8. As the decision to grant the patent was a positive one, going fully along with the request of the applicant, the exemption mentioned in the Notice of the Office concerning the amendment of Rule 25(1) and others EPC cannot be applied as there was no refusal which would be open to appeal.
9. Consequently the appeal against the decision to grant the patent as requested by the applicant cannot benefit from the particular suspensive effect of an appeal against a refusal of a patent application.
10. Although the exemptions result from a Notice of the Office which does not have a legally binding character on the decisions of the Board it has to be stated that in the present case the Board fully shares the explanations and interpretations given in the Notice concerning divisional applications.
11. The logical idea behind the Notice of the Office concerning the amendments of Rule 25(1) and other Rules of the EPC mentioning that only an appeal against a refusal of the patent application would allow the filing of a divisional application was to enable a party to file a divisional application independently of the outcome of the appeal, in other words even if the refusal of the "parent application" would have been confirmed by the Board of Appeal the divisional application would have its own and independent examining procedure.
On the other hand an appeal against a decision granting a patent and resulting in the publication of the grant of the patent would be expected to be inadmissible with respect to Article 107(1) EPC and should therefore not benefit of the possibility to file a divisional application even during the appeal procedure. This can also be understood as to avoid abusive appeals to construe artificially pending "parent applications".
12. As it seems that there is a substantial misunderstanding what usually a suspensive effect means the Board wants to emphasise that the suspensive effect does not have the meaning of an immediate cancellation of the appealed decision. This is clearly not true. Suspensive effect means that the consequences following from an appealed decision do not immediately occur after the decision has been taken but that every action is frozen until the final decision on the appeal is taken and the decision of the first instance is either confirmed or set aside. In the intermediate period between the filing of an appeal and the final decision of the Board of Appeal the fate of the appealed decision is pending although the decision as such still exists.
13. In no way suspensive effect can be interpreted as having the same effect as a cancellation of a decision by a higher instance. Only the final decision of a Board of Appeal can either set aside an impugned decision with the effect to make it disappear and to put back a procedure to the status where it was before the first instance took its decision or can confirm the first instance's decision and so terminate its pending status.

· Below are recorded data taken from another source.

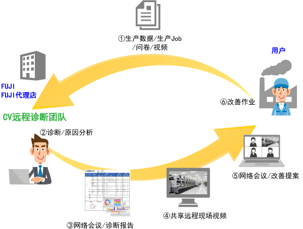 很多情況下,找出并解決降低生產效率和質量的原因并提出解決方案的難度因地因事而異。為此,FUJI建立CVPF服務平臺,并通過該平臺向每個地區提供著相同質量和速度的CV服務。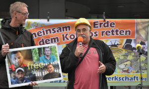 Wir, rund 40 Teilnehmer, bei der Aktion am Internationalen Umweltkampftag in Duisburg, haben von der Verhaftung von vier eurer Bergleute erfahren. Anlass ist euer Streik für den Erhalt eurer Arbeitsplätze und der Kampf gegen den umweltzerstörerischen Tagebau.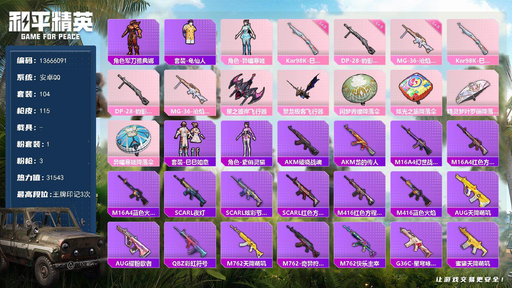 安卓 手Q-1神装-33粉装-20特效枪-6载具-10粉色飞行器-137654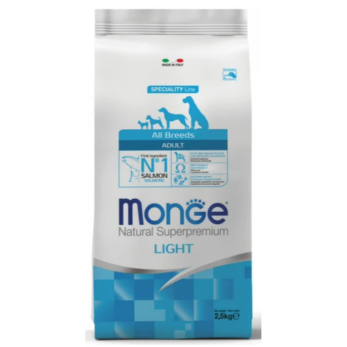 Ингредиенты: рыба (26% дегидрированного и 10% свежего лосося), рис, кукуруза, сухая свекольная пульпа, пивные дрожжи (источник МОС и витамина B12), гидролизованный белок рыбы, рыбий жир (масло лосося, консервированное с помощью натуральных антиоксидантов), кукурузная глютеновая мука, карбонат кальция, КОС (ксилоолигосахариды 3 г/кг), гидролизованные дрожжи (МОС), юкка Шидигера, спирулина, гидролизованные хрящи (источник хондроитина сульфата), гидролизованные ракообразные (источник глюкозамина), метилсульфонилметан, корень эхинацеи, орегано, порошок сушеного чеснока.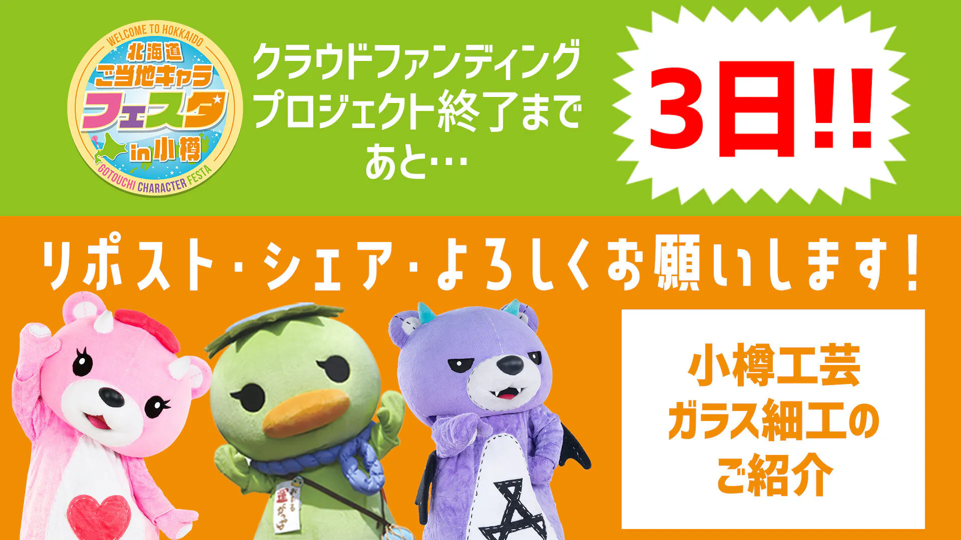 「北海道をもっと元気にしたい」「新しいご当地キャライベントを応援したい」という皆さま、ぜひ私たちと一緒にこのプロジェクトを盛り上げてください!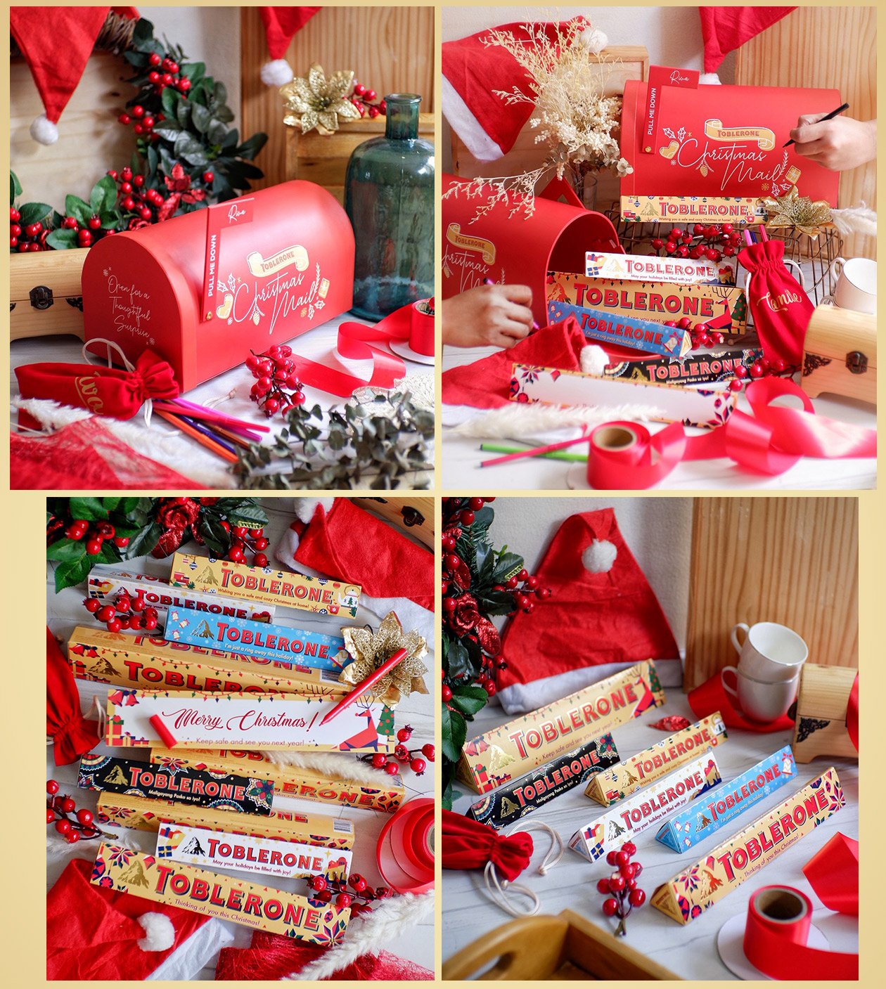 This season of giving, #BeMoreImaginative! Make Christmas more positive and thoughtful. Have a #TobleroneChristmas with the limited edition Toblerone Blank Packs, available in four favorite flavors— namely: milk chocolate, dark chocolate, white chocolate, and crunchy almond chocolate!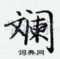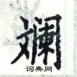 3. 字体大小与笔画粗细:可以适当增加整体字体的圆润感和立体感。可以通过改变笔画粗细和调整字体大小来实现这一点。例如,三点水旁的点可以写得稍微圆润一些,右边的“阑”字的竖画可以稍微加粗一些,以增加整体的稳定性。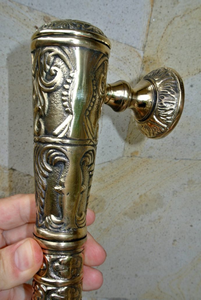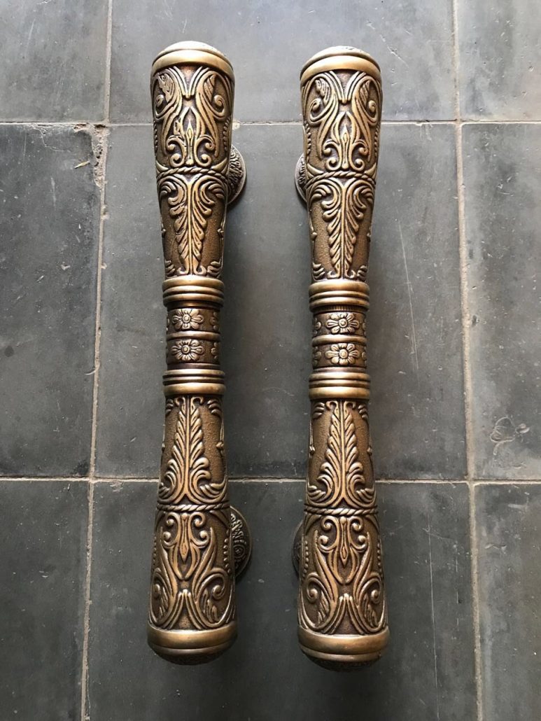 2 XL large engraved solid pure brass POLISHED door old style heavy house PULL handle 40 cm pair 16″ B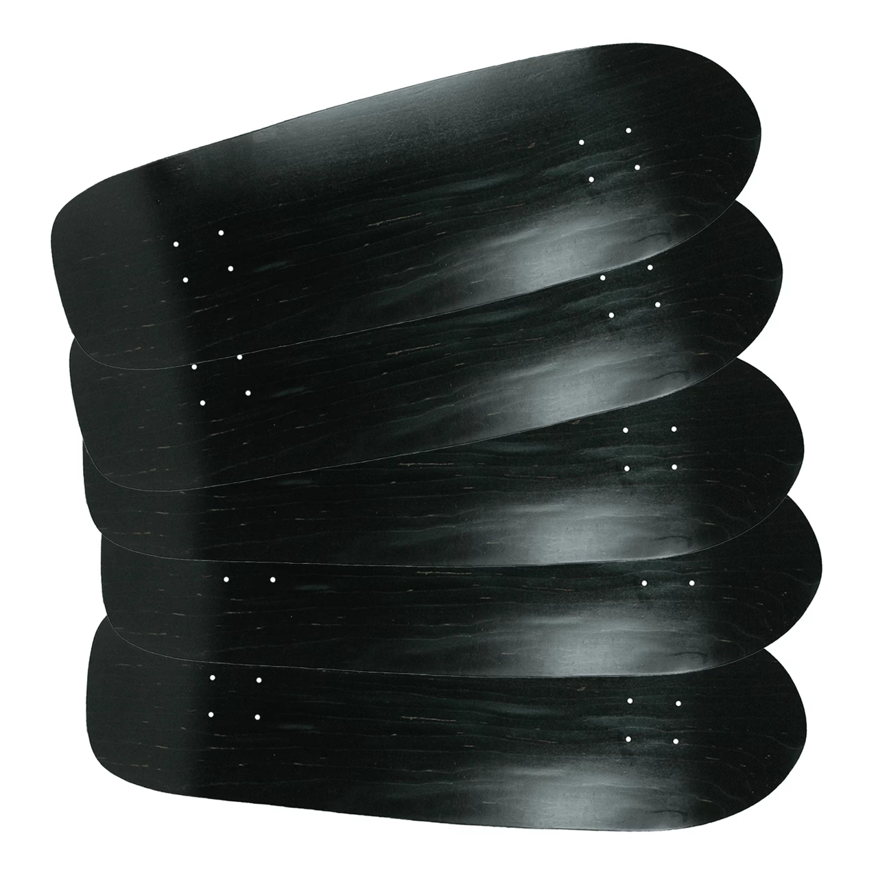 Buy in bulk and save. This old school shaped skateboard deck features the full body shape with a modern concave. This board features a large kicktail and also features a kicked nose. The holes are drilled with the new-school standard bolt pattern so you can mount any of your favorite trucks on this board. Blank boards are sweet for customizing, if you don’t want to ride it, you can paint it and hang it! Measures 10″ x 33″ with a 15.75″ wheelbase. This 5-Pack Includes all Stained Black decks.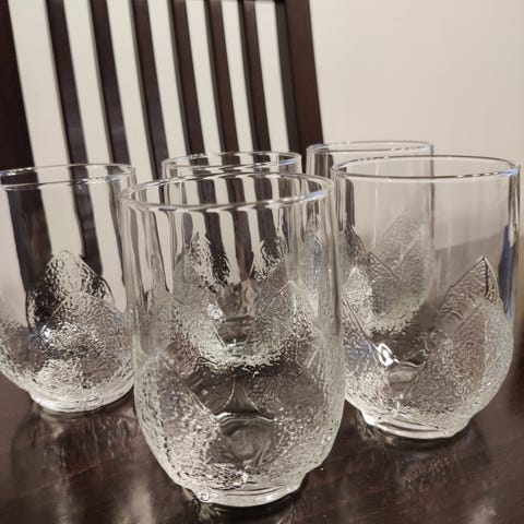 Vanha juomasetti missä 5 mukia ja 2 kannua.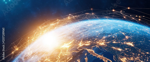 Global Network of Data Connections Arcing Over Illuminated Earth at Night.

14. It is a matter of fact that once an appeal has been filed, the Board of Appeal before which it had been lodged has the only competence to decide whether or not this appeal is admissible. According to the suspensive effect of an appeal (Article 106(1) EPC) a contested decision does not develop any effect until the final decision of the Board - which in case of the European application No. 99 911 255 ("parent application") was meaningless because the grant of the respective patent was already published in the Patent Bulletin but was of importance for a possible divisional application.
15. The difference between an appeal against a refusal of a European patent application and an appeal against the decision to grant a European patent with respect to the filing of a divisional application lies in case of the first kind of appeal in the benefit to file a divisional application even during the appeal procedure and the guarantee that this divisional application can survive even in case of a refusal of the appeal for whatever reasons. This approach allows to get possibly a patent although the applicant failed with his request concerning the parent application.
16. In case of an appeal which is not directed against the refusal of a European patent application the situation is quite different. There is already a patent granted. In such a case every further action (not only divisional applications) is completely depending on the outcome of the appeal proceedings. In other words one has to wait until the final decision by the Board of Appeal is taken. And it is the order which is decisive for the further consequences.
17. In case T 1187/02 the Board finally decided to reject the appeal as inadmissible. That it expressly stated that it could not decide whether or not the appeal had suspensive effect is of no relevance for the current case. The consequence of that decision was that the party was put back to the legal situation existing at the time of the grant of the patent as if no appeal had been lodged. Therefore the Examining Division rightly decided that European patent application No. 02 018 257 could not be treated as a divisional one because it was filed after the publication of the grant of that patent which should serve as the parent application.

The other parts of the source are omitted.